2020 ESA Annual Meeting (August 3 - 6)

COS 73 Abstract - The consequences of omitting unavailable variables from big data models

Volker Bahn, Department of Biological Sciences, Wright State University, Dayton, OH
Background/Question/Methods

Big data unlocks new power to investigate macro-ecological questions. However, the distribution and fitness of organisms depends on both, coarse scale variables, often available, such as climate, and fine scale variables, rarely available over large extents, such as food, shelter and biotic interactions. The latter are therefore often omitted in distribution and other ecological models. Depending on their spatial patterns and relationship with other factors, omitted factors can bias models and their evaluation. Here I investigate the role of omitted factors in distribution model performance, bias, and evaluation, with respect to their characteristics such as simple and complicated functional relationships to included factors, such as food availability depending on temperature and precipitation, and random spatial pattern coincidence with other factors and the species’ distribution itself.

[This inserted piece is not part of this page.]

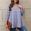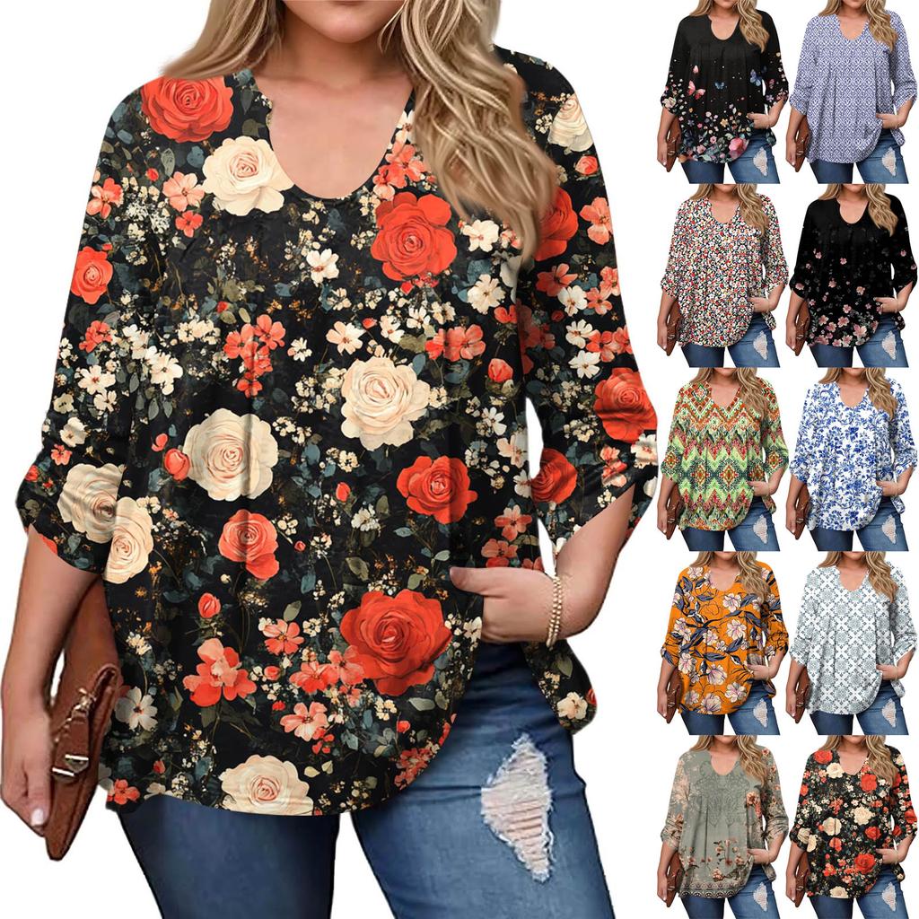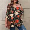 Women's Plus Size Fashion Printed Casual Pleated Round Neck Long Sleeve Top — buy online with free worldwide shipping!

I investigate the effects of omitted important factors on species distribution model performance and evaluation in a realistic simulation model on a 50 x 50 grid. Predictions to new landscapes, generated according to the same rules as the original landscape, serve as unbiased evaluations of the models, which are contrasted with commonly used evaluation methods on the same landscape, such as resubstitution goodness-of-fit and different hold-out methods.

Results/Conclusions

Omitting important factors led to performance decrease in distribution models, biases in predictions, and overly optimistic evaluations with standard methods. However, the effects were dependent on the characteristics of omitted variables and their relationship to other factors and the species’ distribution. The greatest performance and evaluation issues arose from omitted factors that were correlated spatially to random (but available) variables. The consequence was a selection of functionally unimportant variables in lieu of the unavailable ones, that only worked in the specific landscape the model was fit to (or more precisely overfit to). Such models evaluated deceptively well on the same landscape, but show a large performance drop when evaluated on functionally equivalent but spatially reconfigured landscapes. It is realistic to expect that many important factors are regularly omitted from ecological models based on big data. Mostly these factors will have spatial patterns at a variety of scales and will correlate with other factors. Researchers have to be aware that the resulting models are likely performing less well than standard evaluations suggest and are likely to show significant and misleading biases. Progress will depend on improving coverage of important ecological factors and more rigorous model and evaluation techniques.